I’ve been using an inductive reasoning ‘practice into principles’ approach to take from some of the work I’ve been doing recently and shape up some standards that we can use to evaluate products. It’s interesting how different aspects of standardisation are at different stages of maturity and adoption. For example, password security has some good practice guidelines from NCSC but assessing the environmental impact of a website has lots of emerging tools but no agreed standard yet. Nothing is ever finished, everything evolves, and so if you’re referencing those things you need to be able to evolve with each of them.
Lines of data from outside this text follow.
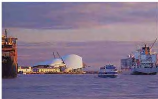
Figure 1. The new Western Australian Maritime Museum.

Most maritime scholars are familiar with William Dampier through his own works and those of his commentators,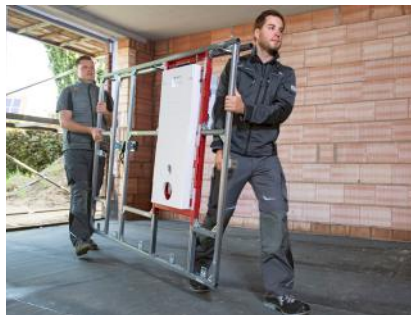
4. Delivery of the finished installation wall at the construction site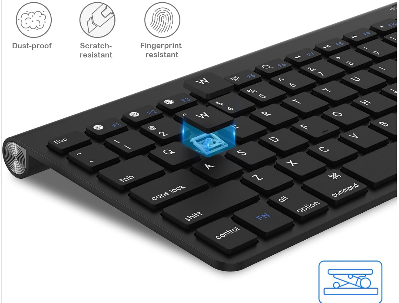
Image: A close-up view of the keyboard highlighting the scissor-switch key mechanism, which ensures responsive and quiet typing.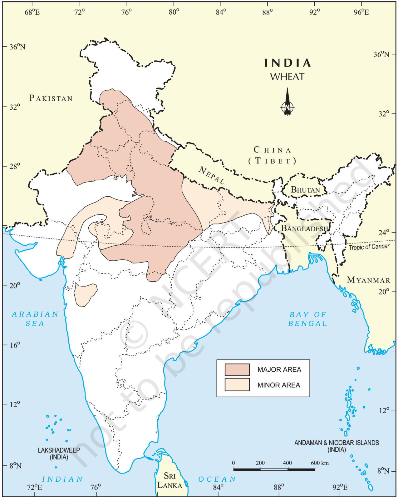
India: Distribution of Wheat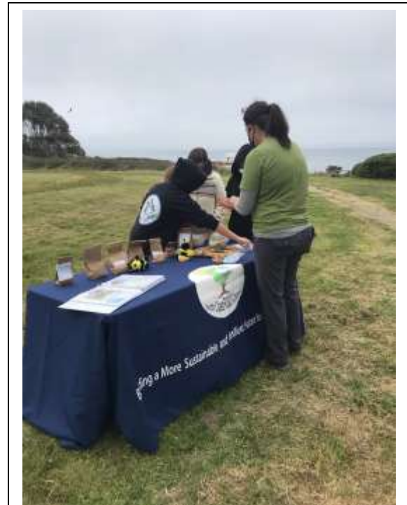
Bee Patch information booth.

We hope that the Westport community feels that this project supports your goals for preservation and stewarding the beautiful Westport Headlands site.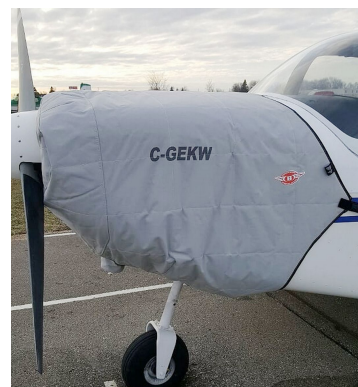
Zenith CH-2000 Insulated Engine Cover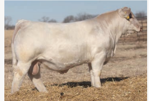
GRANDSIRE CCC Mescalito 9038 P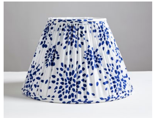
FIREWORKS – BLUE ON WHITE LTJ 00BS HNF1020B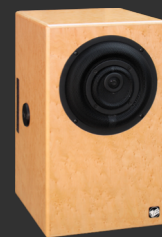
RL 944K Birdseye Maple

"I feel that the Geithain monitors are superior to any other in the test. They interact with a perfect balance of detail, power, frequency-extension, imaging, 3D, transient response, flatness, room integration qualities, and at the same time a wonderful musicality to my ears. All my work seems to translate very "effortlessly" with less processing and less production time."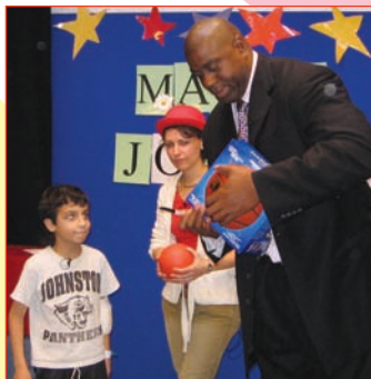
Magic Johnson and a young patient appear on KidZone TV.

Thanks to generous funding from our wish list parties, KidZone TV provides 24/7 programming to the Mount Sinai pediatric population. In our professional-caliber broadcast studio, live shows such as Hospital Bingo, Pictionary, and Hollywood Squares (starring Mount Sinai pediatricians and others) are aired twice daily to patients and families throughout the hospital. To counter the isolation of young patients who may be unable to leave their rooms, viewers are encouraged to call in and hear their voices live on television to win a prize or play a game show with the talent onscreen. Seven days a week patients actively participate in the process of filming a live television show on or off camera. Siblings, friends,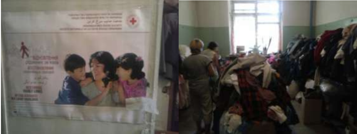
Displaced center of the Red Cross in Severodonetsk

Likewise with the children, whose insertion into local schools is imperative, as it reduces their exposure to the mentioned violence. Only in Kharkiv, for example, more than 6,500 children from the Donbass demanded registration.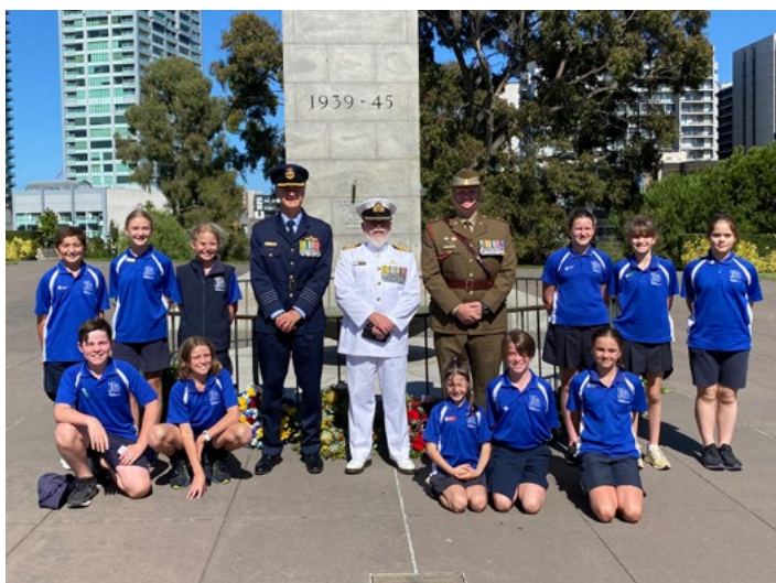
Puckapunyal Primary School students attended the Commemoration.

When future shock is the norm

This week’s Irregular Ideas newsletter explores what effects virtual reality might have on our relationship with technology and ability to handle so much change.

Too many domain names?

I listed all the domain names I own. 52. That’s about the normal amount, right? I think starting an new idea with a domain name starts to give the idea branding and identity, and whatever you do with that domain name such as redirecting to Notion workspace or building a website, the previous links always go to where you want them to.

Open benches

I listed my first memorial bench on Open Benches. It’s very cool (the project, not the bench).

Projects

I updated my projects page to include some of my more recent projects and remove the images. I also started trying to standardise each of the project pages a bit more.

And thought about:

Goals

I’ve spent quite a lot of time this week reflecting on how I’m working towards my goals, looking back over the hypothesis mapping I did a while ago and looking for some criteria to judge whether the things I’m doing are likely to increase the chances of achieving the goals or not.

I read:

The Evolution of Learning to Edutainment 3.0

This presentation about the future of learning is very cool (except it’s focus on pedagogy rather than andragogy).

Who gets to choose?

There is a lot of talk about algorithmic bias. But who gets to decide which moral intuitions, which values, should be embedded in algorithms in order to overcome that bias? That seems like an impossible question to me. Algorithms can’t be fair because humans don’t know how to be fair. The answer then, is to make algorithms of different moral persuasions and let them fight it out in constant, real-time battles, just like the human moral landscape.

A reading list about brighter futures

This wonderful inspiring list of stories about the future.